I have used stocks data of a company (named any XYZ) which contains the opening, closing, high and low stock prices per day.
Also performed data filtering and built some visualizations from the dataset.
-
Importing the required libraries
pandas
: pandas is a fast, powerful, flexible and easy to use open source data analysis and manipulation tool, built on top of the Python programming language.numpy
: NumPy is a Python library that provides a simple yet powerful data structure: the n-dimensional array.matplotlib
: Matplotlib is a comprehensive library for creating static, animated, and interactive visualizations in Python.seaborn
: Seaborn is a Python data visualization library based on matplotlib. It provides a high-level interface for drawing attractive and informative statistical graphics.
-
Knowing the dataset
Analyzing historical price data is an important way to try to make future predictions.
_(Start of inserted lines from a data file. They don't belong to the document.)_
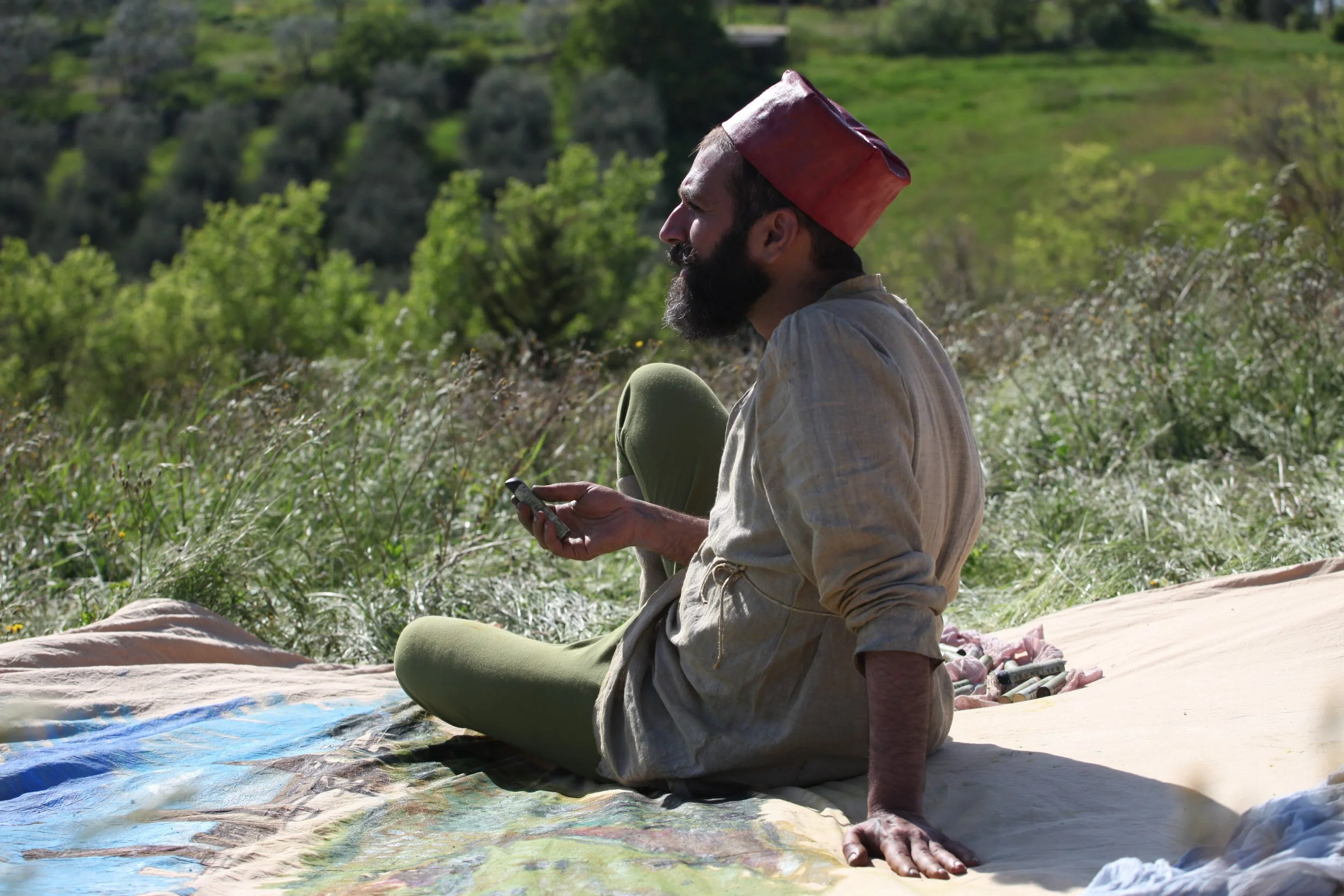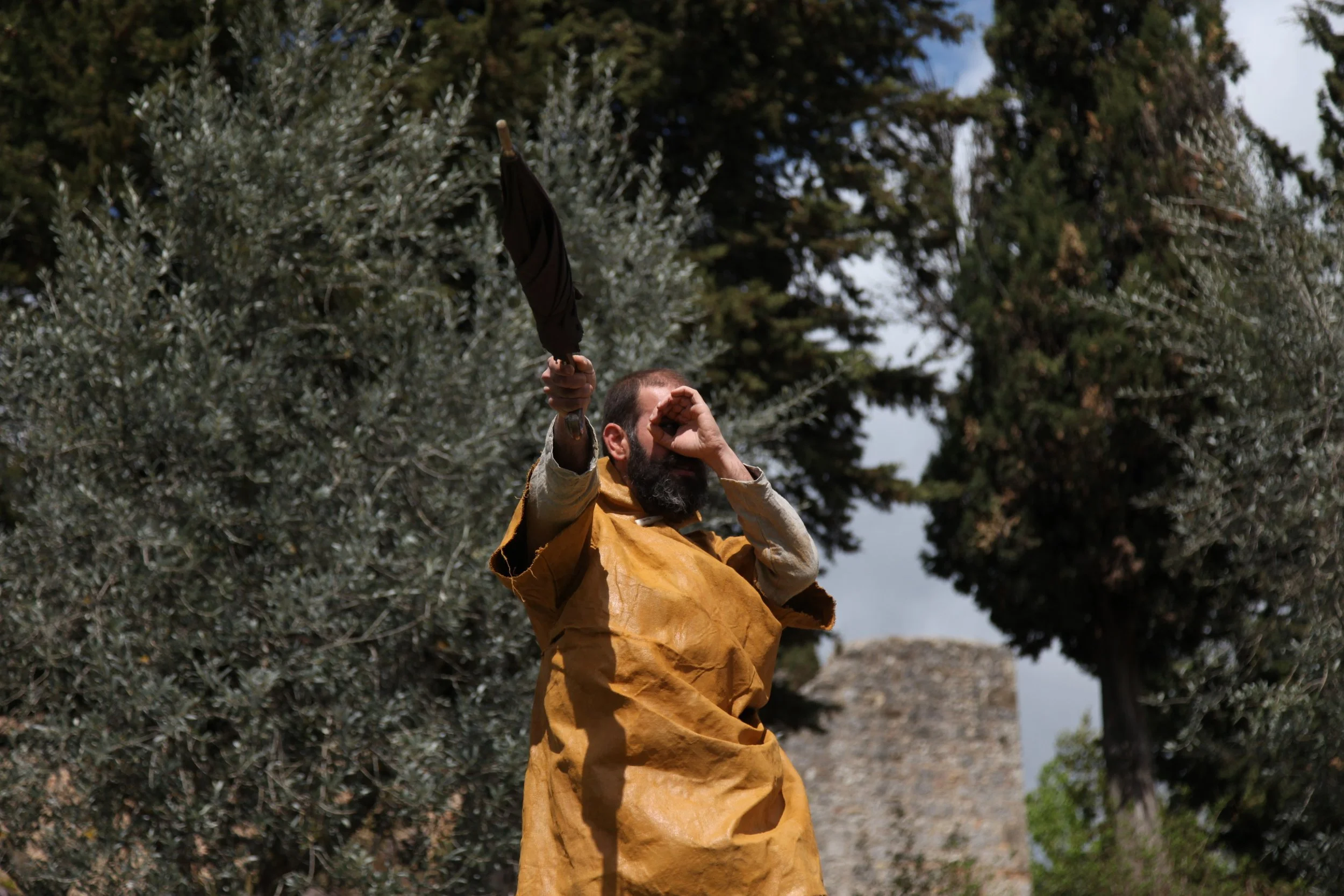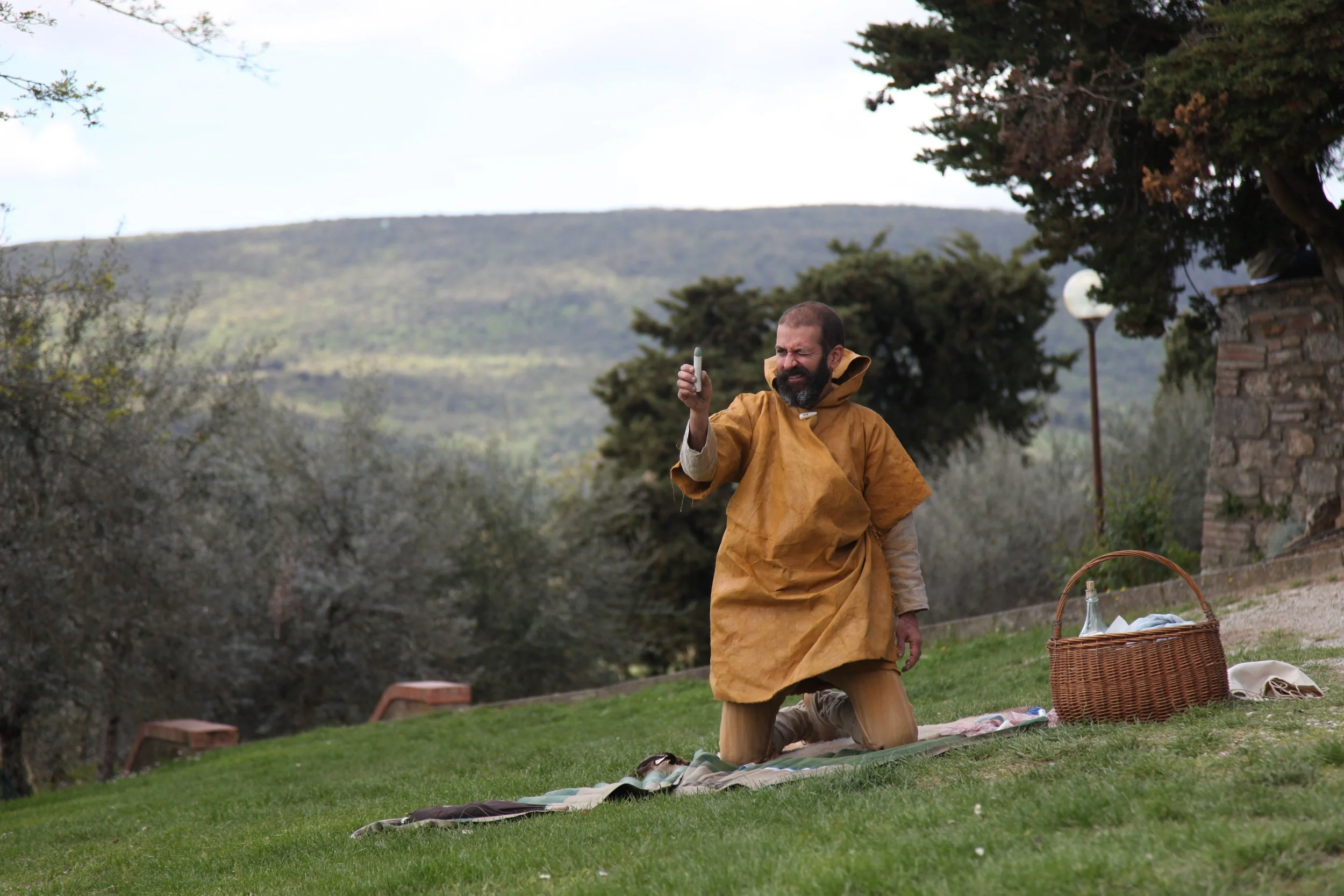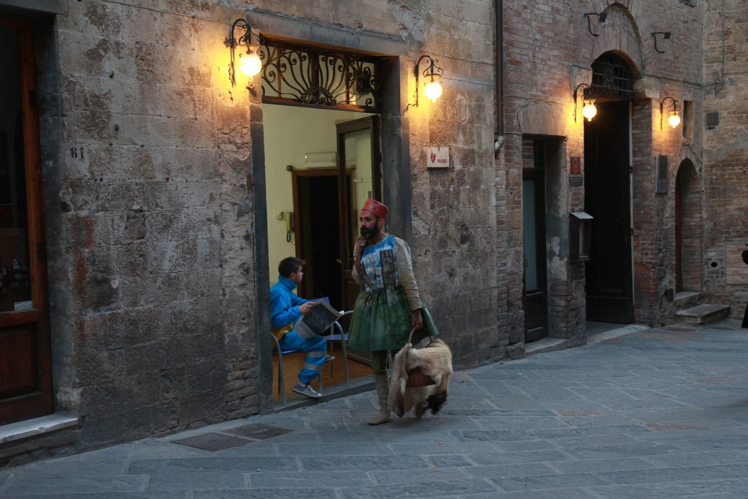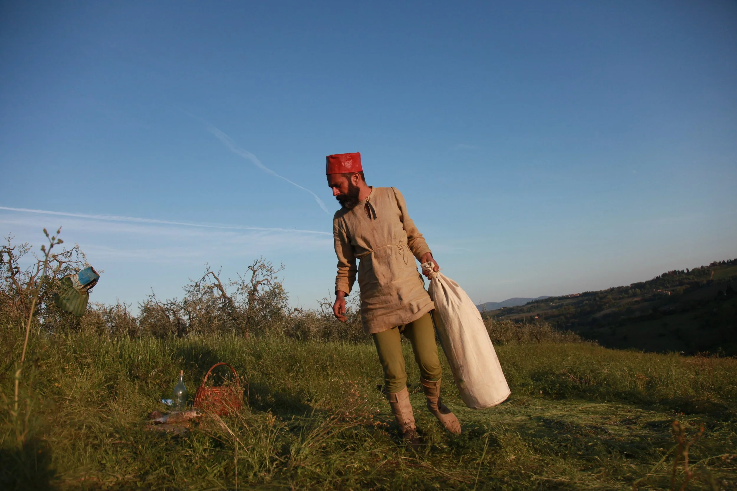 the Church of Sant'Agostino in San Gimignano. Inspired by Gozzoli and his frescos inside out is a site-specific performance conceived by Chopra for the Galleria Continua in San Gimignano. The performance, the longest realized to date by the artist, will last for 99 hours, beginning at 11 am on Wednesday 25 April and ending at 2 pm on Sunday 29 April. During this period of time, the artist will assume the guise of different personae to embody history and memory, and will walk around in the streets of the town and in the surrounding area. In the course of the performance, Chopra will produce a series of drawings of San Gimignano and of the Tuscan landscape. The drawings and their installation will be executed both outside and inside the Arco dei Becci exhibition space, which will be the artist’s abode for the duration of the performance. The installation, the result of four days of performance, will remain on public display until 20 August 2012. The costumes for the performance inside out are designed by Sabine Pfisterer.
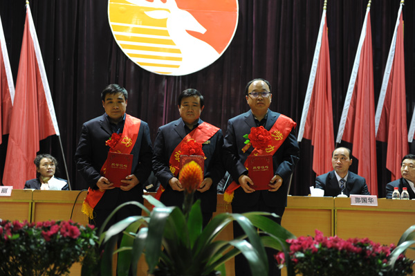 纪委书记王丽宣读了《关于表彰二0一二年度矿劳模、标兵、先进集体和先进生产(工作)者的决定》、《关于表彰二0一二年度优秀党支部、优秀党支部书记、优秀共产党员的决定》、《关于表彰二0一二年度"宣传思想工作优秀单位"等奖项获得者的决定》、《关于表彰二0一二年度先进群监分会、先进青安分岗、先进女工协管分会、优秀群监员、优秀青安岗员、优秀女工协管员的决定》、《关于表彰二0一二年度优秀团支部、优秀团支部书记、优秀团员的决定》,随后进行了颁奖仪式。
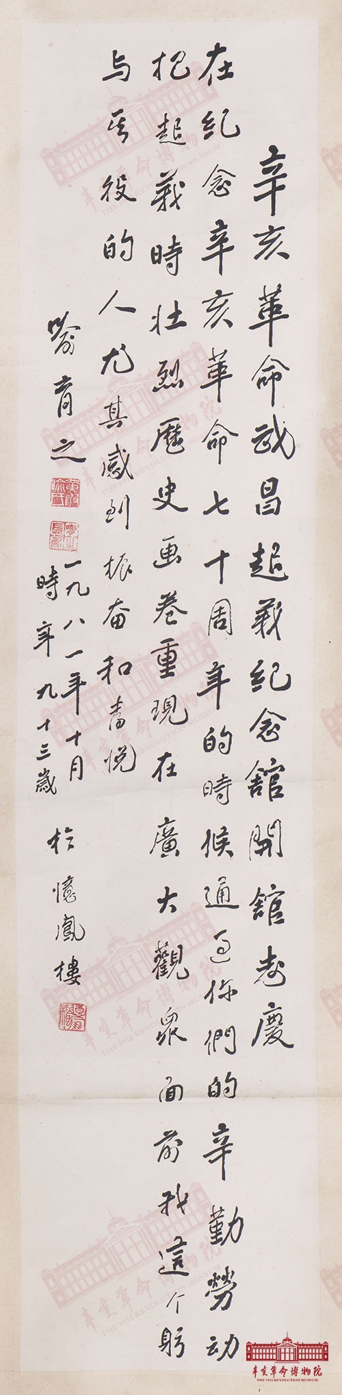 名稱:喻育之為辛亥革命武昌起義紀念館開館志慶題詞詞軸
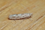 Head brown with a mixture of white hairs; forewing ground colour brown; whitish pattern consisting of some inconspicuous costal and dorsal striae. In some specimens, the forewing could be described as a white ground colour with brownish pattern. In both cases, there are two dark brown patches at the dorsal margin, just before and just after the centre.

We will be using a dataset of stock data for the company XYZ. This data includes opening, closing, high, low prices and stocks traded per day.
-
Importing and Loading the dataset
- The dataset is available in the repository.(Here)
- Dataset:
HistoricalQuotes.csv
-
Exploratory Data Analysis
df.shape
df.info()
df.head()
df.isna().sum()
df.drop()
df.drop(df.index[0], inplace=True)
: Dropping 1st row of the dataset
- Changing the dtype of the
open
,close
,high
andlow
columns tofloat
df.open = df.open.astype(float)
- Changing the dtype of the
volume
column toint
df.volume = pd.to_numeric(df['volume']).astype(int)
- df.describe() - Summary statistics for all numeric columns (default)
df.describe(include='int')
: Summary statistics only for columns whose type is "int"
- Percentiles
df.describe(percentiles=[.3, .5, .9])
: Summary statistics for all numeric columns with percentiles .3, .5 and .9
-
Filtering Data
- Creating different dataframes using masks.
- For example: Create a mask for all of the rows whose daily high is greater than $600.
high_mask = df.high > 600; df.loc[high_mask]
- Creating different dataframes using masks.
-
Filtering Data with dates
- Selecting date from date ranges
start_date = datetime(2019,8,2); end_date = datetime(2019,7,29)
- Importing
datetime
package.from datetime import datetime
- Creating mask of historical dates.
mask = (end_date <= df.index) & (df.index <= start_date); df2 = df[mask]; df2
- Selecting date from date ranges
-
Data Visualizations
- Line Plot showing Daily High Prices
- Histogram of High Prices
- Line plot of Volume over time
- Daily Volume Frequency distribution
- Filtering & Plotting data
- Filtering data of year 2016 from the dataset and then plotting it on a line plot over time
df.loc['2016'].plot(y='low'); plt.show()